── Given material ──

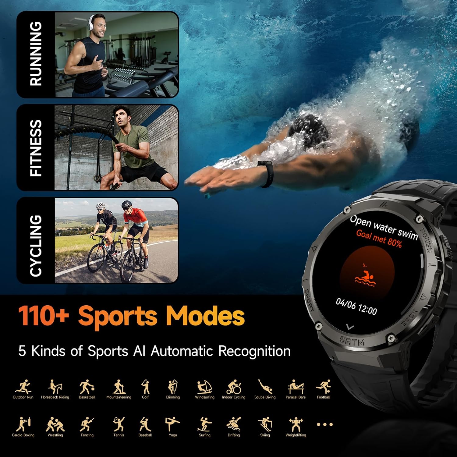 Smart Watch,1.91″ Smartwatch for Men Women (Answer/Make Call),Fitness Tracker with 116 Sport Modes,IP68 Waterproof,Heart Rate/Sleep/Monitor,Long Battery Life,for iPhone & Android & Samsung
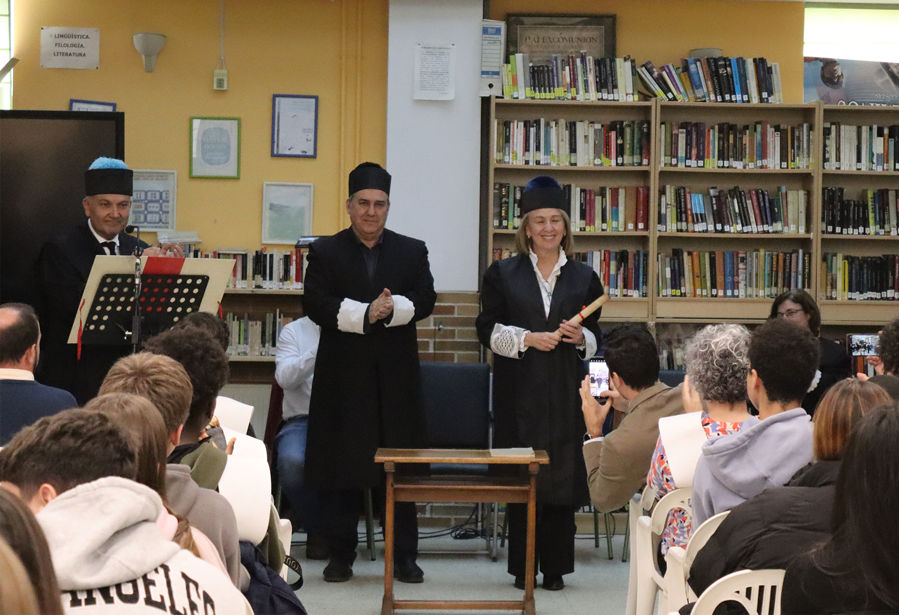 El acto académico, que incluyó la imposición de birrete y la entrega del diploma de nombramiento, se celebraba este miércoles en la biblioteca del instituto. El “Nombramiento de Profesor Honorífico” en el Profesor Domínguez Ortiz es una de las tradiciones rescatadas por el Aula-Museo de este Instituto Histórico de Castilla-La Mancha. Su responsable, Miguel Mayoral, fue el encargado de conducir el acto de nombramiento en el que acompañaron a Belén Lozano integrantes del Claustro de Profesores ataviados con la vestimenta académica de estos docentes en el siglo XIX.
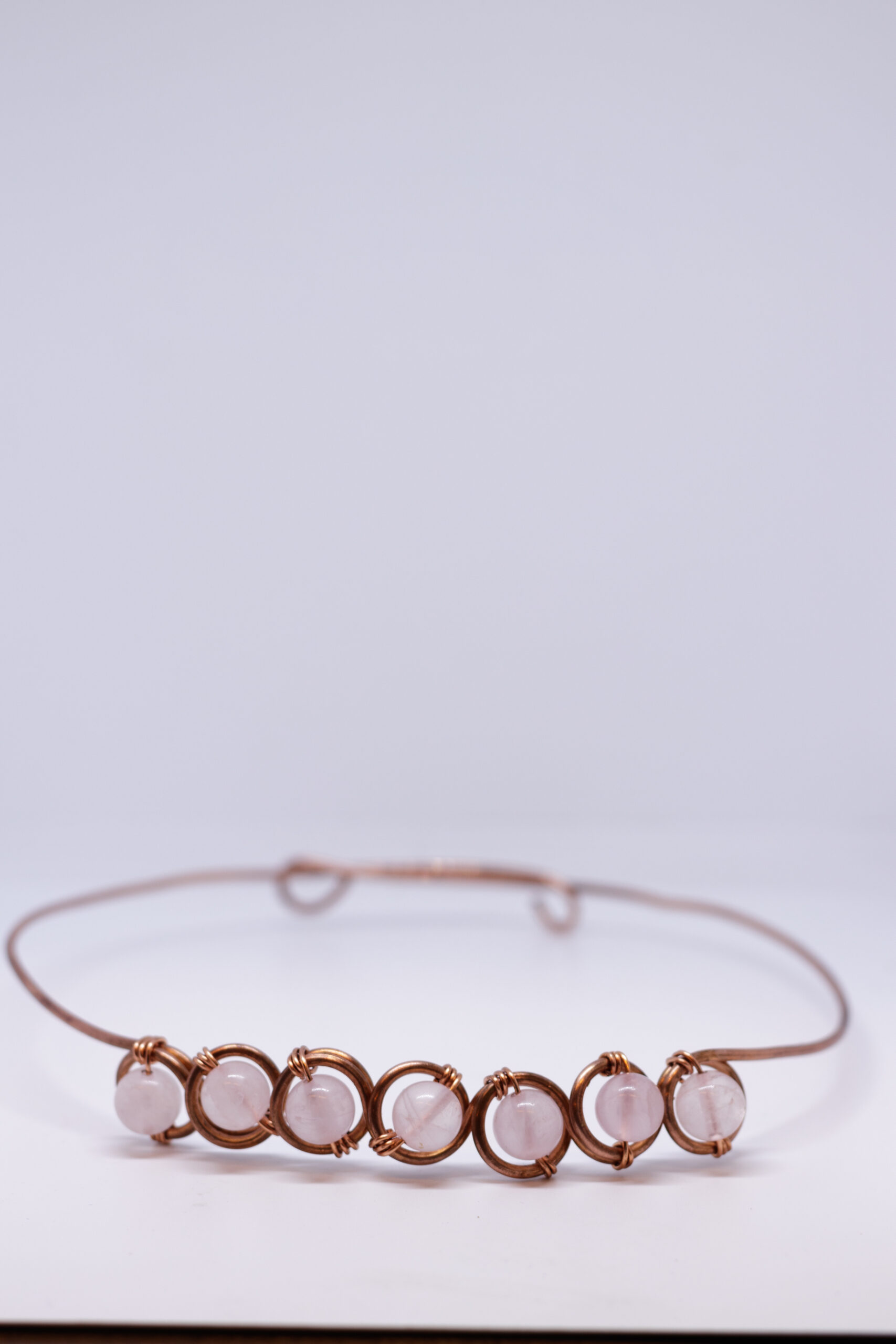 Simple tiara style rose quartz crown the perfect touch for self love rituals and one wishing to tend to self.

───

**What is being asked:**
Leave the pictures out and set down the rest of the listing above exactly.

**Task answer:**
 Smart Watch,1.91″ Smartwatch for Men Women (Answer/Make Call),Fitness Tracker with 116 Sport Modes,IP68 Waterproof,Heart Rate/Sleep/Monitor,Long Battery Life,for iPhone & Android & Samsung
 El acto académico, que incluyó la imposición de birrete y la entrega del diploma de nombramiento, se celebraba este miércoles en la biblioteca del instituto. El “Nombramiento de Profesor Honorífico” en el Profesor Domínguez Ortiz es una de las tradiciones rescatadas por el Aula-Museo de este Instituto Histórico de Castilla-La Mancha. Su responsable, Miguel Mayoral, fue el encargado de conducir el acto de nombramiento en el que acompañaron a Belén Lozano integrantes del Claustro de Profesores ataviados con la vestimenta académica de estos docentes en el siglo XIX.
 Simple tiara style rose quartz crown the perfect touch for self love rituals and one wishing to tend to self.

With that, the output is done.